For eighteen months, Piper was investigated by William James, a psychologist so eminent that he is sometimes called “the father of American psychology.” On page 268 of this link, in the article on Piper, we read that in the Proceedings of the Society for Psychical Research, James concluded the following: “And I repeat again what I said before, that, taking everything that I know of Mrs. Piper into account, the result is to make me feel as absolutely certain as I am of any personal fact in the world that she knows things in her trances which she cannot possibly have heard in her waking state, and that the definite philosophy of her trances is yet to be found.’’ An arch-skeptic (Richard Hodgson) was brought in to investigate, and even resorted to hiring private investigators to search for evidence of fraud. None was found, and Hodgson ended up avowing to the authenticity of Piper.

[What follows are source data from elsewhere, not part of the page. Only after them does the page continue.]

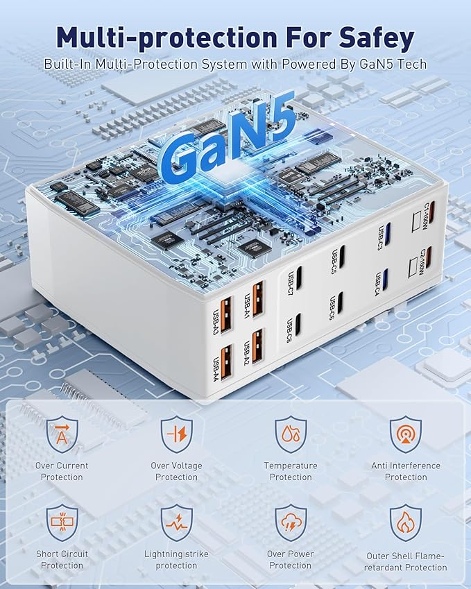- 【12-in-1 USB C Charging Station】This 600W USB C Charger Block comes with 8 USB C ports and 4 USB A ports to charge multiple devices, simplify your charging setup, and let you experience the convenience of ultra-fast and ultra-high output charging. With its smart charging technology, it can automatically detect and provide the best power output for each connected device, ensuring fast and efficient charging.
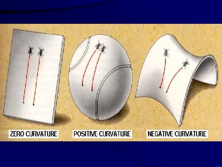 La Densidad está relacionado con la geometría en el modelo estándar más simple (constante cosmológica = 0): Plano ρ = ρcrit Curvatura negativa Curvatura positiva ρ > ρcrit ρ < ρcrit
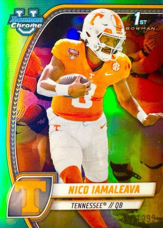 This card is 1 of 46 Nico Iamaleava's card variations in the 2024 Bowman Chrome University set being tracked by Sports Card Investor, including Base (1st), Image Variation (1st), Pink Lava Refractor (1st), Purple Shimmer Refractor (1st), and Refractor (1st).

Bell also completely fails to mention the Society's work documenting reports of apparitions seen by credible witnesses. The culmination of that work was a 1000-page two-volume work by three members of the Society (psychologist Edmund Gurney, Frederic Myers and Frank Podmore), entitled Phantasms of the Living, which can be read online here and here

The very careful scholarly work Phantasms of the Living provided many hundreds of well-documented cases of people seeing apparitions or ghosts. You can read summaries of many of the accounts here and here and here and here  and here and here. A type of case very commonly reported was when someone would unexpectedly see an apparition of someone he did not know was dead, only to find out later that such a person had recently died. Very many such accounts can be read using the links I just gave.

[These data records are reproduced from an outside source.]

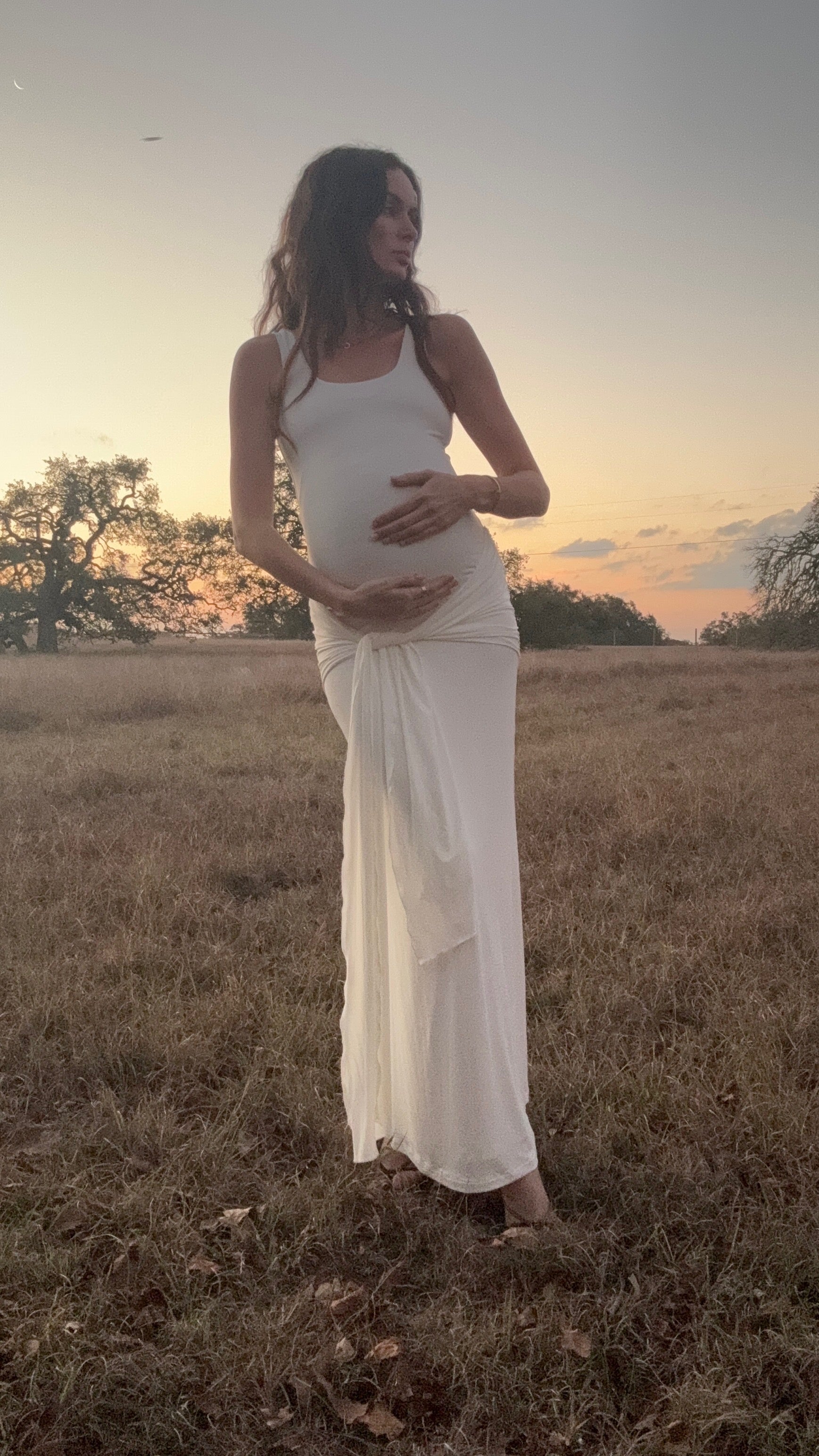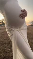 Solène is designed to move with you — a sleek, second-skin silhouette elevated by a soft front-tie detail that drapes beautifully over the bump. Minimal yet striking, this full-length dress contours and supports without restriction, taking you seamlessly from pregnancy to postpartum and beyond.
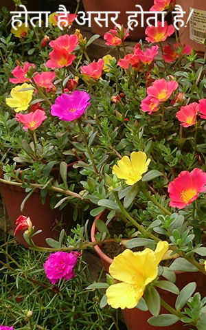 "मुझ पर तो होने लगा", मैने शरारत में कहा। शक्की नजरों से मुझे और पत्थरचट्टा को देखते हुए सामने से गुलाबी दस बजिया ने कनखियों से देखा और बोली "हम्म! शक्ल से कुछ लग तो रहा है"। क्रोटन ने उसे सरसराते हुए छुआ और कहा "इतने खूबसूरत मौसम में नाजुक लफ्जों का इस्तेमाल किया करो तुम दोनों। देखो बादल भी इधर ही चले आ रहे है।"
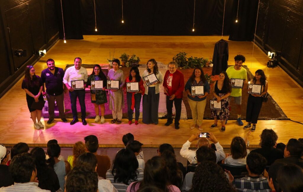 Al concluir la presentación de clausura con la obra “Cantares” por parte de Iyari Teatro de vida en el Foro Sombra, con la dramaturga, directora y actriz Sayuri Navarro, Premio Nacional de Dramaturgia, quien ofreció un sensible, introspectivo y autobiográfico monólogo ganador del “Premio de Dramaturgia Emilio Carballido 2024”
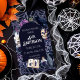 Traiga lo espeluznante a su próxima ducha de Halloween con esta invitación de ducha gótica vintage. Un marco de libros rústicos y pociones se mezcla con rosas polvorientas de color vintage, flores de magnolia y cristales para crear una invitación única que es perfecta para su próxima ducha de boda, ducha de novia o ducha de bebé. La combinación de texto blanco tradicional y espeluznante la convierte en la invitación perfecta de Halloween para su próximo evento.
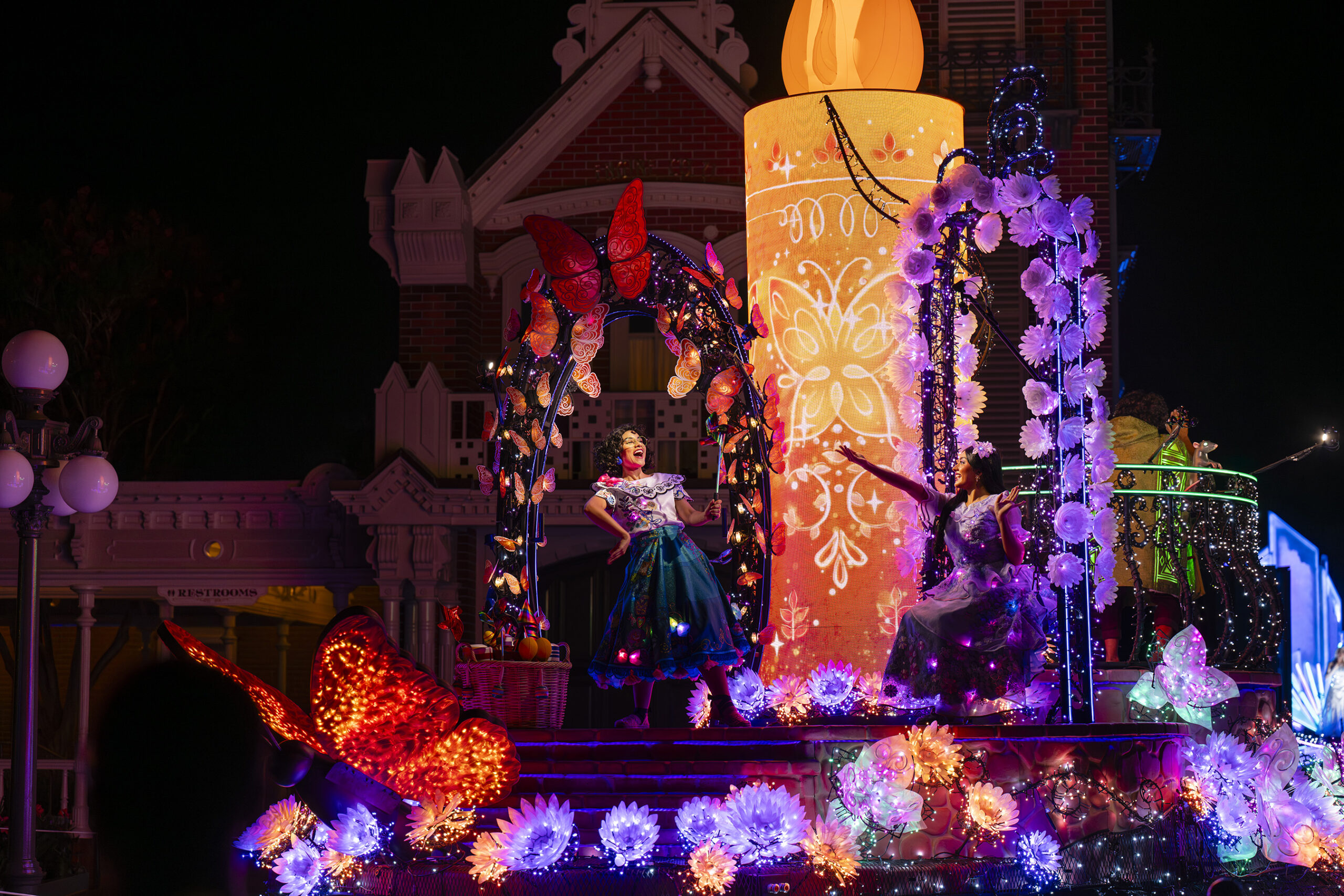 Following an in-between sequence of walking streetmosphere dancers holding LED butterflies, the Encanto float arrives. Encanto’s float features a large candle, many illuminated flowers as well as butterflies. Isabela & Mirabel wave at guests and dance!
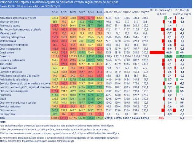 Al final dejamos el resultado del empleo, que arrojan comparando este año contra el anterior y los primeros síntomas de pérdida de empleo en el sector agropecuario y minería se profundizan con la caída siguen automotriz y metalmecánica, la perdida es de 38.000 puestos de trabajo en el sector privado. Comercio e informática siguen siendo los motores de empleo. Si comparamos mayo de 2025 contra diciembre de 2023 la pérdida de puestos de trabajo alcanza los 93.000.

Far from providing some natural explanation for ghosts, the massive scholarly work Phantasms of the Living failed to do any such thing, and made it look more likely than ever that there is no natural explanation for ghosts and apparitions. Again and again, the accounts in the book were just the type of thing we would expect if a human soul survives death and leaves the body after death.

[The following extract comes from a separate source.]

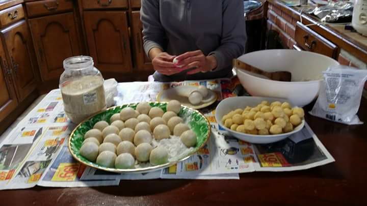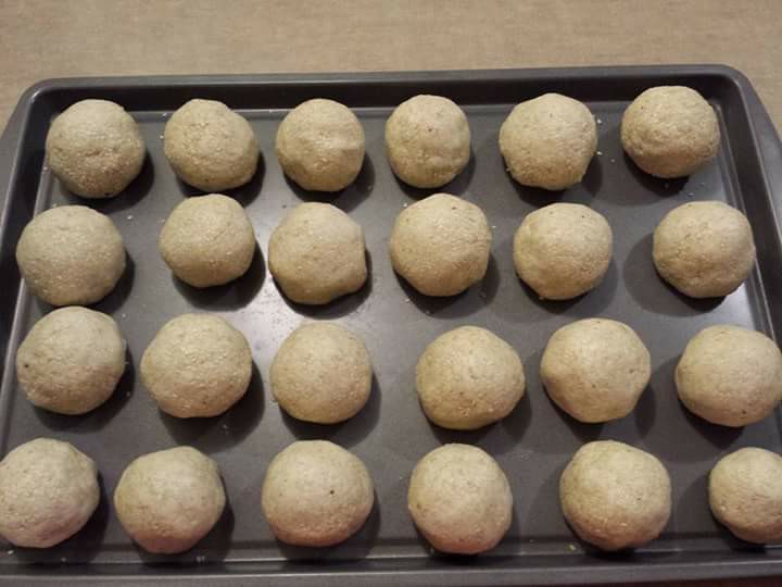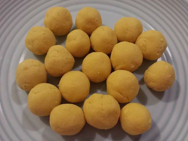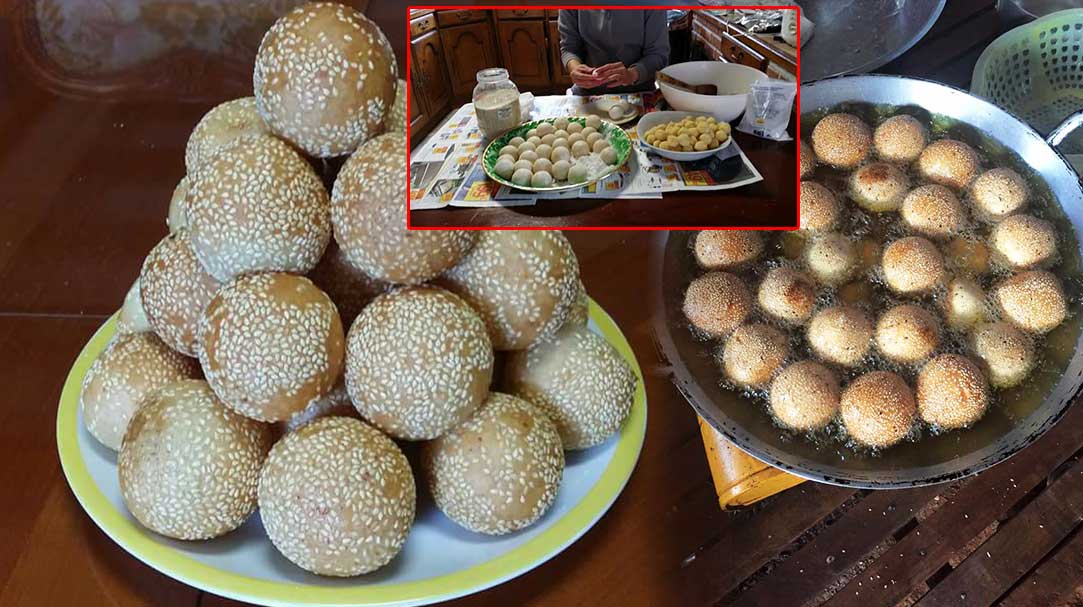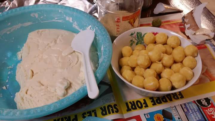 ៣. យកម្សៅម្តង ១ដុំតូចល្មមតាមដែលចង់បានធ្វើឲ្យសំប៉ែត បន្ទាប់មកយកស្នូលនំលុញជាដុំមូលៗដាក់ពីលើម្សៅរួចហើយធ្វើវាឲ្យជិតលុញឲ្យមូល។
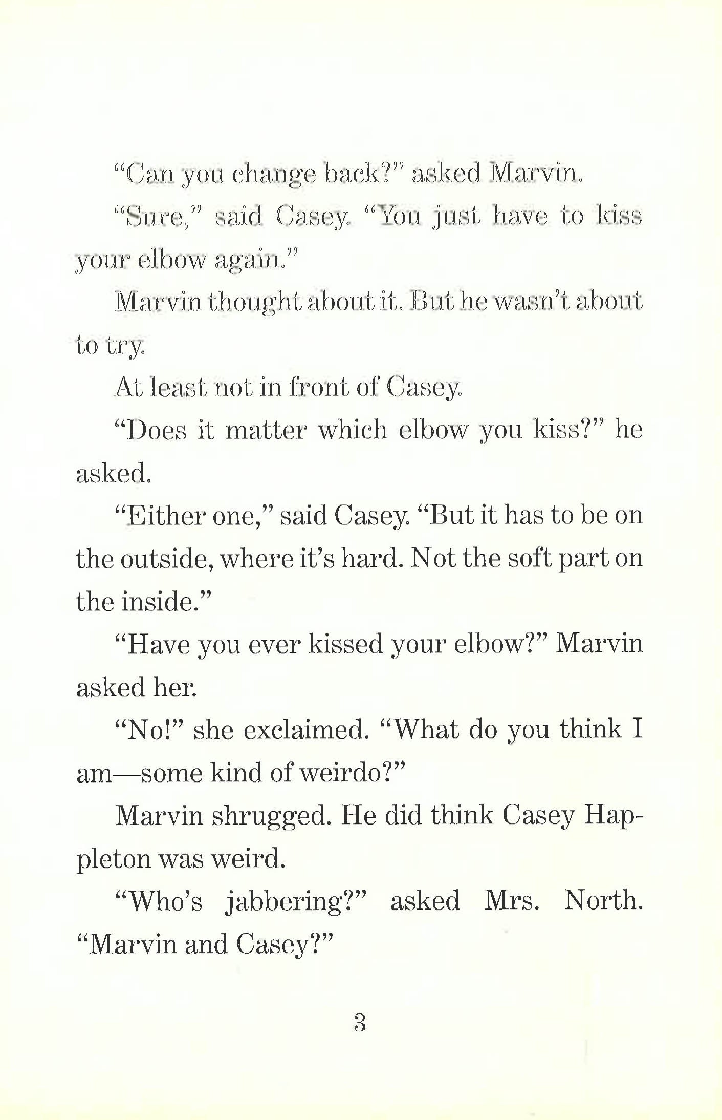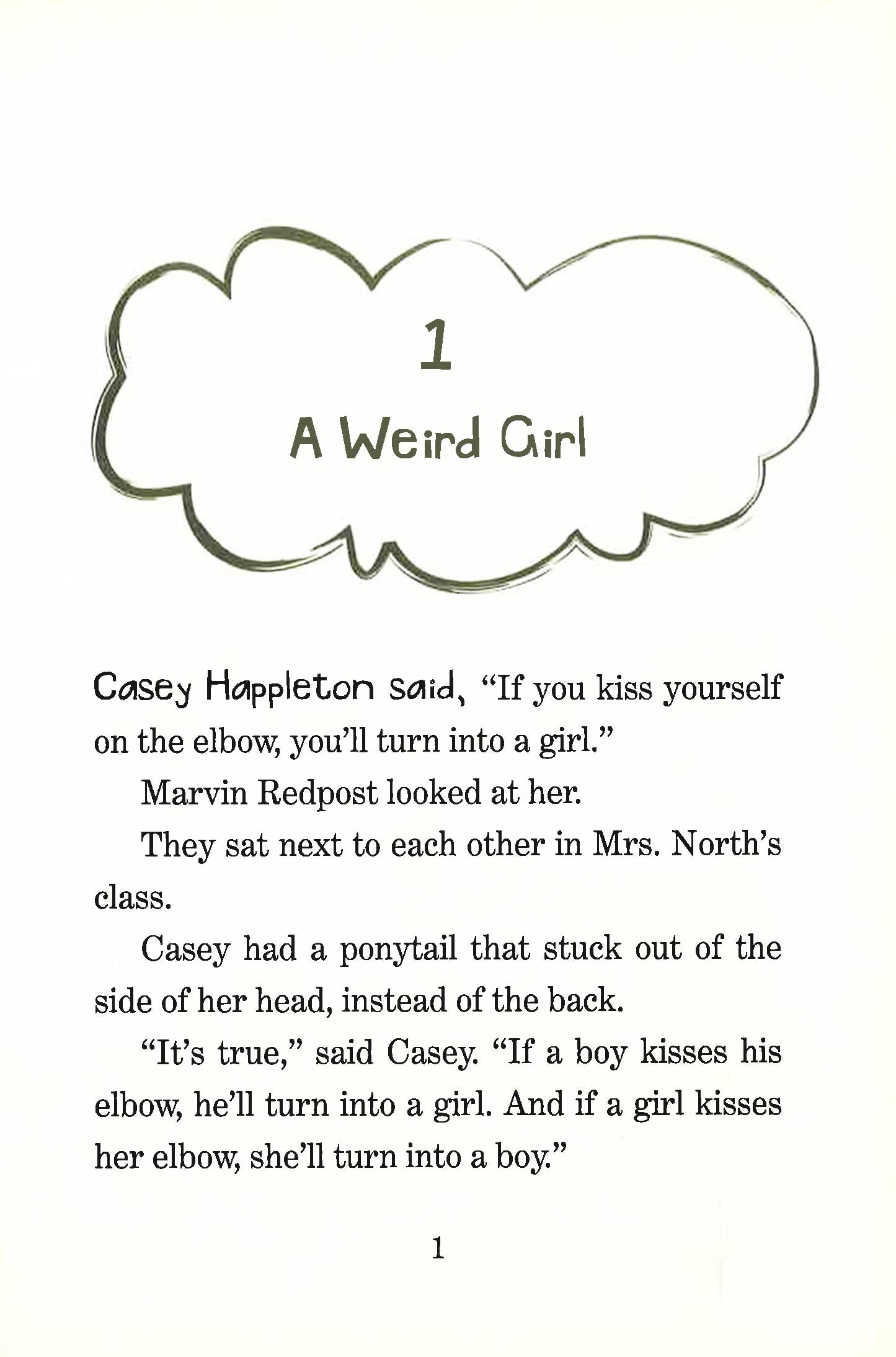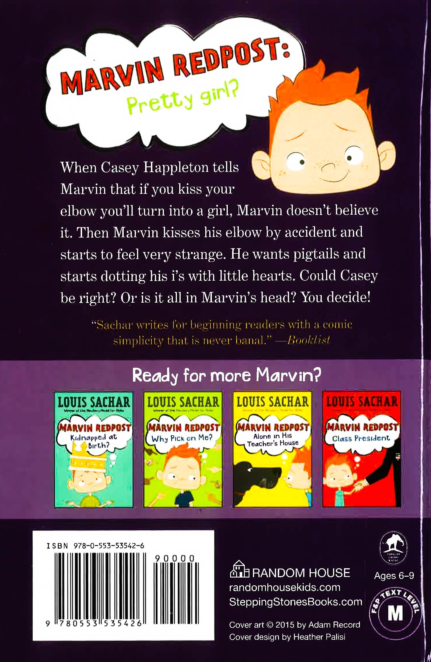 This chapter book in Newbery Honor-winning and bestselling author Louis Sachar's Marvin Redpost series offers a sidesplitting take on the differences between girls and boys! When Casey Happleton tells Marvin that if you kiss your elbow you'll turn into a girl, Marvin doesn't believe it. Then Marvin kisses his elbow by accident and starts to feel very strange. He wants pigtails and starts dotting his i's with little hearts. Could Casey be right? Or is it all in Marvin's head? You decide! Hilarious and relatable, Marvin Redpost is perfect for kids who love to bond with quirky characters like George Brown, Class Clown and Junie B. Jones.

What do we hear about Leonora Piper in Bell's account? Not a word, nor does he mention the equally dramatic Victorian case of Eusapia Palladino. What do we hear about Phantasms of the Living in Bell's account? Not a word. He mentions the physicist William Barrett, failing to tell us that Barrett authored the book Deathbed Visions giving many accounts of people seeing apparitions, without  offering any natural explanation for such sightings. Under a misleading heading “Debunking the bump in the night,” Bell merely says the following, trying to make it sound as if the Society for Psychical Research had somehow debunked the paranormal:

Various subcommittees investigated hypnotism, telepathy, seances and hauntings). Their work helped expose frauds and they were careful to apply scientific controls to their investigations.”

Not one word is mentioned by Bell about all the evidence for the paranormal gathered by the Society for Psychical Research. Bell ends by approvingly quoting some person in 1882 who made the stupid statement that scientists must engage in “careful abstention from dangerous trains of thought,” which sounds like something we would hear not from a scientist but from a dogmatic religionist. 

The title of Bell's article is very misleading. His title claims “Victorian scientists thought they'd found an explanation for ghosts,” but he mentions only one such scientist (who did not actually claim to have an explanation for ghosts, but only for turning tables). A more accurate title to describe a full discussion of Victorian scientists and the paranormal would be “Victorian scientists found good evidence for the paranormal all over the place.”